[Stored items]
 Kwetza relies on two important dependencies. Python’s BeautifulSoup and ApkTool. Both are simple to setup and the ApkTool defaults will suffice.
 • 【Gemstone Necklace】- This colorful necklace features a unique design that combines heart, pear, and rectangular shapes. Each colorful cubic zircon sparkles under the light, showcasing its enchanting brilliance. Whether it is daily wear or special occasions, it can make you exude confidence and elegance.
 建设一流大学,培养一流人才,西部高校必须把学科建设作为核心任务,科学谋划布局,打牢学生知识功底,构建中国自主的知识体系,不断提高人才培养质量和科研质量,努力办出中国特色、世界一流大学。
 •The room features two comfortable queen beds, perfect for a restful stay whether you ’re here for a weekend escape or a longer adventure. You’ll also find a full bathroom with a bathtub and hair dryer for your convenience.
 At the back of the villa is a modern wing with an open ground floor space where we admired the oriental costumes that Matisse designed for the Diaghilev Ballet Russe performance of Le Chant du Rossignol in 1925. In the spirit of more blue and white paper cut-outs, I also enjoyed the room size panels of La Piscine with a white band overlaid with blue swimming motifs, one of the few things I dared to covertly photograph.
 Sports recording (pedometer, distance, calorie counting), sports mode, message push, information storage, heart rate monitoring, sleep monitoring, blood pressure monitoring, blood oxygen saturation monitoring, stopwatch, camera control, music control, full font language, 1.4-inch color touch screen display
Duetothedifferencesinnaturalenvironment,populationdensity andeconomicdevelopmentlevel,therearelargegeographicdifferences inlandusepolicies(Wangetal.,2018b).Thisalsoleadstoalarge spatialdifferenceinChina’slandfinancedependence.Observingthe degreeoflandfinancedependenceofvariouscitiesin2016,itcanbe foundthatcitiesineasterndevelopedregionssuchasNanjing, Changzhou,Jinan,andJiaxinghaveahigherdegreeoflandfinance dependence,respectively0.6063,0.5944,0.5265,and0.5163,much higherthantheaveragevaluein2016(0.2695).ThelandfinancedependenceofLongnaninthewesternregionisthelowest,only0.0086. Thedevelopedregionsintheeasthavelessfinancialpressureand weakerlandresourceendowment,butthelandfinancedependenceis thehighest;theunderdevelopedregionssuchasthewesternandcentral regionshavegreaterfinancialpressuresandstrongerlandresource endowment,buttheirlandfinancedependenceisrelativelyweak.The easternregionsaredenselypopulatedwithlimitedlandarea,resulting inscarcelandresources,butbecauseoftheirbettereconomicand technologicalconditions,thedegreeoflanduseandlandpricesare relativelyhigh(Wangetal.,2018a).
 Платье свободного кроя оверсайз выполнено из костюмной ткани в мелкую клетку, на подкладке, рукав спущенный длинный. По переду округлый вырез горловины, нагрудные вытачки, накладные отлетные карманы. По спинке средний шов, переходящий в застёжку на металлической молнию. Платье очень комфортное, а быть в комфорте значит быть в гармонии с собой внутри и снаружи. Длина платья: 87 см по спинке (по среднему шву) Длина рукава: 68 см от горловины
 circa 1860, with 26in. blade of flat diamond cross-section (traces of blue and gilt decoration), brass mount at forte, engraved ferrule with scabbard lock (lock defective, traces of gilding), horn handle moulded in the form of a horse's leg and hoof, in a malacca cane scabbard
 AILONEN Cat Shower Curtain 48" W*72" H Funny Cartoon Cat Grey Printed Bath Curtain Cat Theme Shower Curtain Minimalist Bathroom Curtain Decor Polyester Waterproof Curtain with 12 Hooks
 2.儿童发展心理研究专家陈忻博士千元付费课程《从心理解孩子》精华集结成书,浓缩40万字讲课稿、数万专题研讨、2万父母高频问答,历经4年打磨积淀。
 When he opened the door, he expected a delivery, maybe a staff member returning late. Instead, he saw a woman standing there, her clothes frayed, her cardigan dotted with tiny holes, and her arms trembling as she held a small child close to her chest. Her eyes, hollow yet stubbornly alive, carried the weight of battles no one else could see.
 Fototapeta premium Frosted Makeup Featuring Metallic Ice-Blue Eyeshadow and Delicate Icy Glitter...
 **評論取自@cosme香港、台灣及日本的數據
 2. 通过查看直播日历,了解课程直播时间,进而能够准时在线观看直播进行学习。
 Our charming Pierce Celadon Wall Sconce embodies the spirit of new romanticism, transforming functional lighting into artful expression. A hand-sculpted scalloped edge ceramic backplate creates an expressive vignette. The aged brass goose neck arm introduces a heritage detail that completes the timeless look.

● To do
Begin at the line above that has "Sports recording (pedometer, distance, calorie" and stop after the line that has "Платье свободного кроя", copying each line exactly and adding nothing else.

● Your solution
 Sports recording (pedometer, distance, calorie counting), sports mode, message push, information storage, heart rate monitoring, sleep monitoring, blood pressure monitoring, blood oxygen saturation monitoring, stopwatch, camera control, music control, full font language, 1.4-inch color touch screen display
Duetothedifferencesinnaturalenvironment,populationdensity andeconomicdevelopmentlevel,therearelargegeographicdifferences inlandusepolicies(Wangetal.,2018b).Thisalsoleadstoalarge spatialdifferenceinChina’slandfinancedependence.Observingthe degreeoflandfinancedependenceofvariouscitiesin2016,itcanbe foundthatcitiesineasterndevelopedregionssuchasNanjing, Changzhou,Jinan,andJiaxinghaveahigherdegreeoflandfinance dependence,respectively0.6063,0.5944,0.5265,and0.5163,much higherthantheaveragevaluein2016(0.2695).ThelandfinancedependenceofLongnaninthewesternregionisthelowest,only0.0086. Thedevelopedregionsintheeasthavelessfinancialpressureand weakerlandresourceendowment,butthelandfinancedependenceis thehighest;theunderdevelopedregionssuchasthewesternandcentral regionshavegreaterfinancialpressuresandstrongerlandresource endowment,buttheirlandfinancedependenceisrelativelyweak.The easternregionsaredenselypopulatedwithlimitedlandarea,resulting inscarcelandresources,butbecauseoftheirbettereconomicand technologicalconditions,thedegreeoflanduseandlandpricesare relativelyhigh(Wangetal.,2018a).
 Платье свободного кроя оверсайз выполнено из костюмной ткани в мелкую клетку, на подкладке, рукав спущенный длинный. По переду округлый вырез горловины, нагрудные вытачки, накладные отлетные карманы. По спинке средний шов, переходящий в застёжку на металлической молнию. Платье очень комфортное, а быть в комфорте значит быть в гармонии с собой внутри и снаружи. Длина платья: 87 см по спинке (по среднему шву) Длина рукава: 68 см от горловины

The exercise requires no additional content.